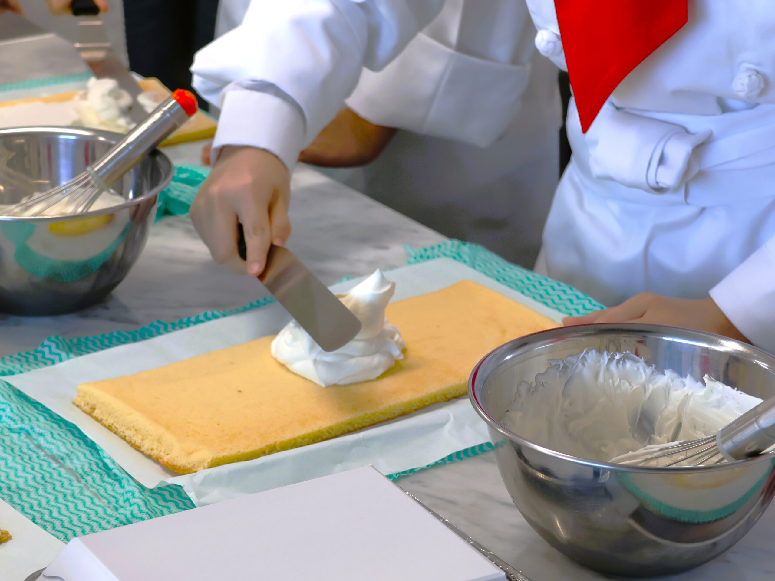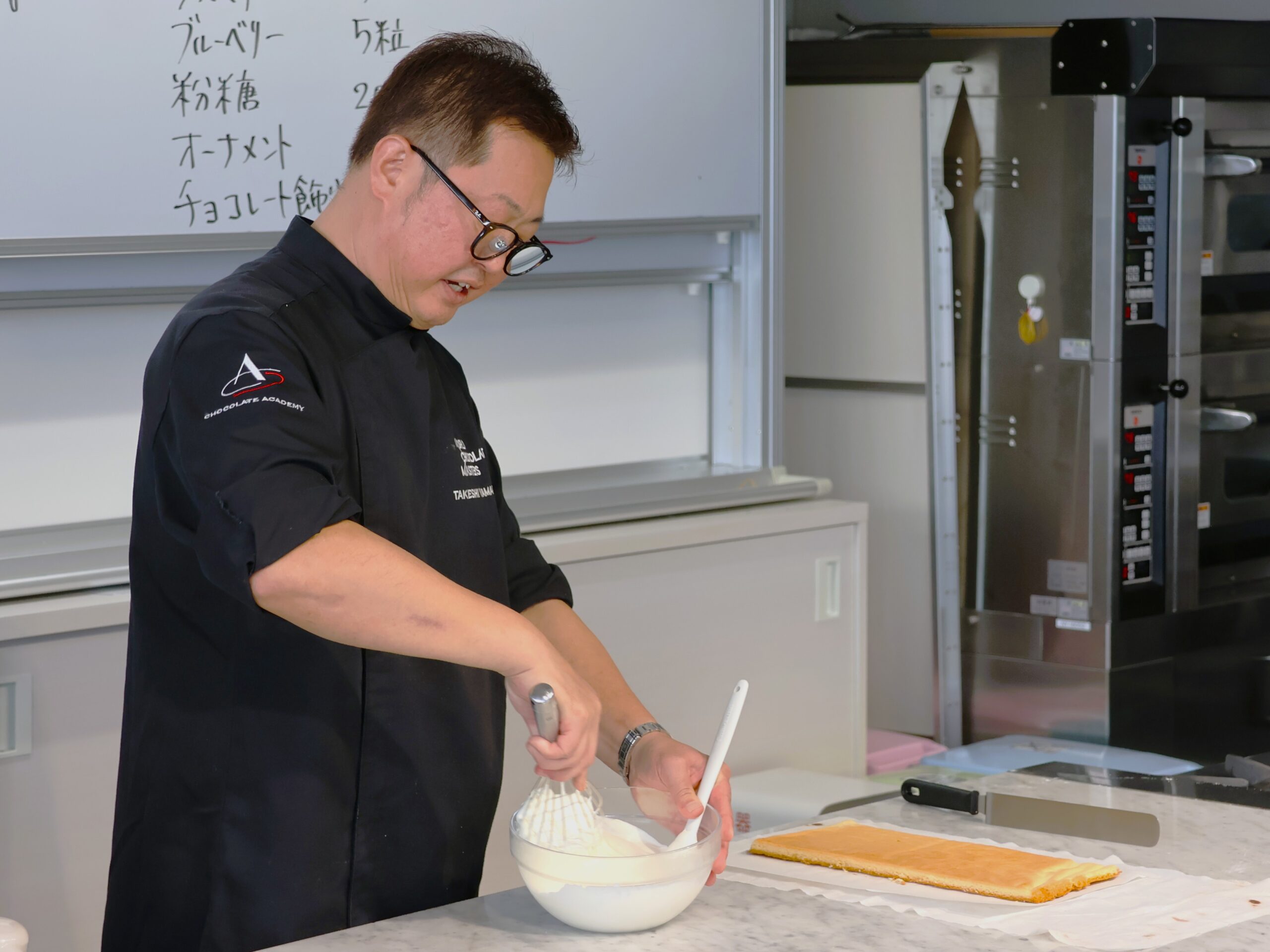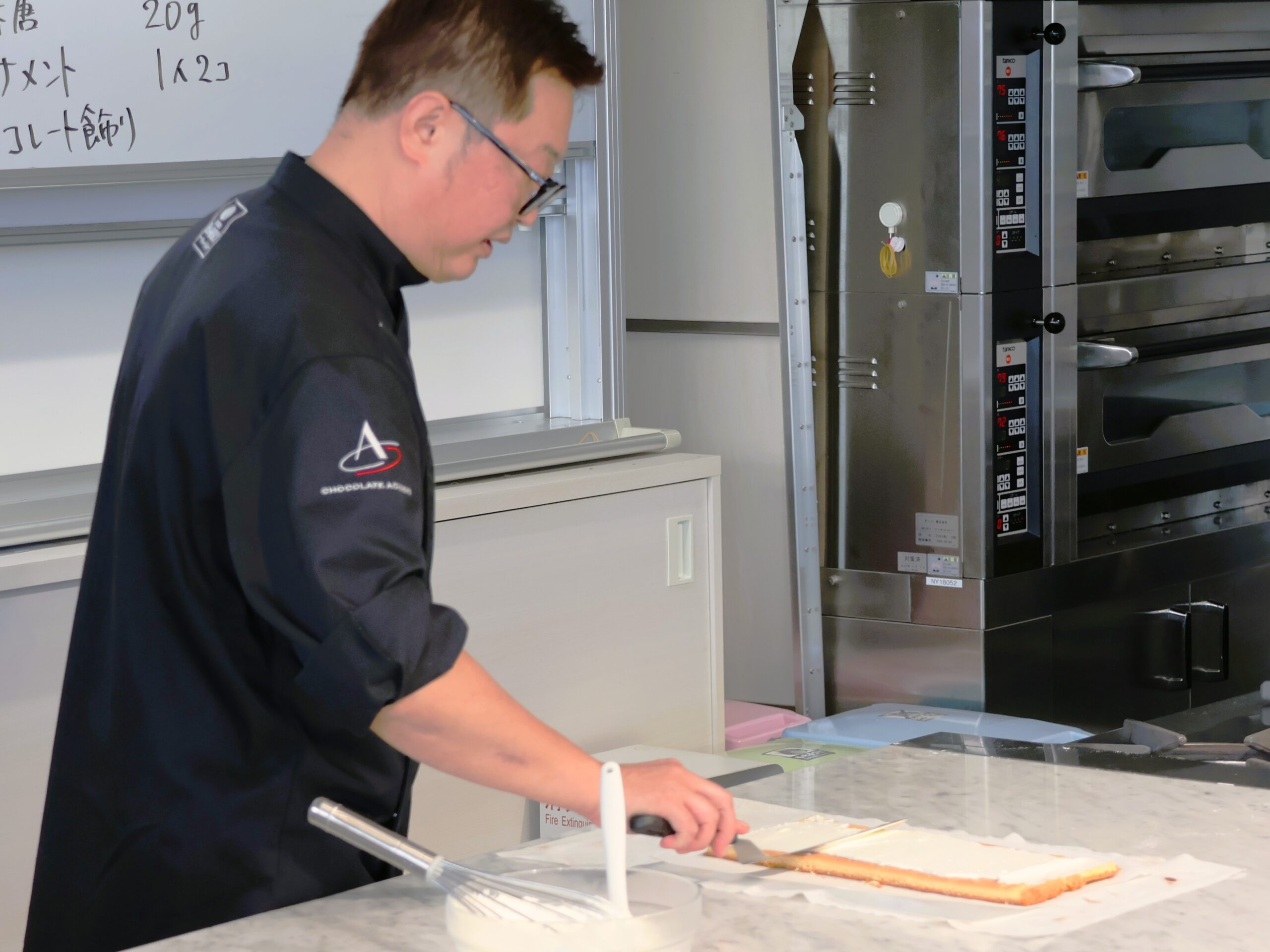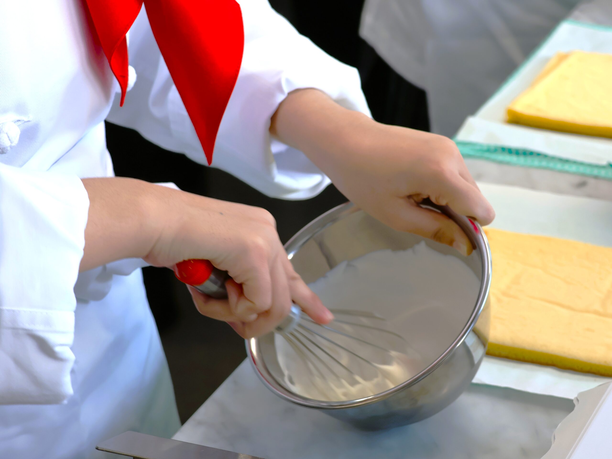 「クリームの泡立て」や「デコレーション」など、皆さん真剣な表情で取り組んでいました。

================================

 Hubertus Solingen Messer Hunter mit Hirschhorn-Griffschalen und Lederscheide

================================

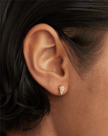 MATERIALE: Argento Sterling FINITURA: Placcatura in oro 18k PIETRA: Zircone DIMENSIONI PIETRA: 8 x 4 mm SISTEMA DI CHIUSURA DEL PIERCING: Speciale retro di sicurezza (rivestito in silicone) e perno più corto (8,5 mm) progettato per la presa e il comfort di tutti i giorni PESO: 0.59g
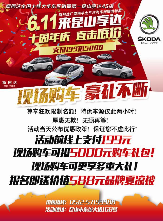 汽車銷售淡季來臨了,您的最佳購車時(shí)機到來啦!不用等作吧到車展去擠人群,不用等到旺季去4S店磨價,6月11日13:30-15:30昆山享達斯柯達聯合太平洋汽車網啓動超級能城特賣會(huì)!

================================

### Activity
All pictures are to be skipped. Output, word for word, the lines in the data above starting at the line containing "MATERIALE: Argento Sterling" and ending at the line containing "汽車銷售淡季來臨了,您的最佳".

### Your solution
 MATERIALE: Argento Sterling FINITURA: Placcatura in oro 18k PIETRA: Zircone DIMENSIONI PIETRA: 8 x 4 mm SISTEMA DI CHIUSURA DEL PIERCING: Speciale retro di sicurezza (rivestito in silicone) e perno più corto (8,5 mm) progettato per la presa e il comfort di tutti i giorni PESO: 0.59g
 汽車銷售淡季來臨了,您的最佳購車時(shí)機到來啦!不用等作吧到車展去擠人群,不用等到旺季去4S店磨價,6月11日13:30-15:30昆山享達斯柯達聯合太平洋汽車網啓動超級能城特賣會(huì)!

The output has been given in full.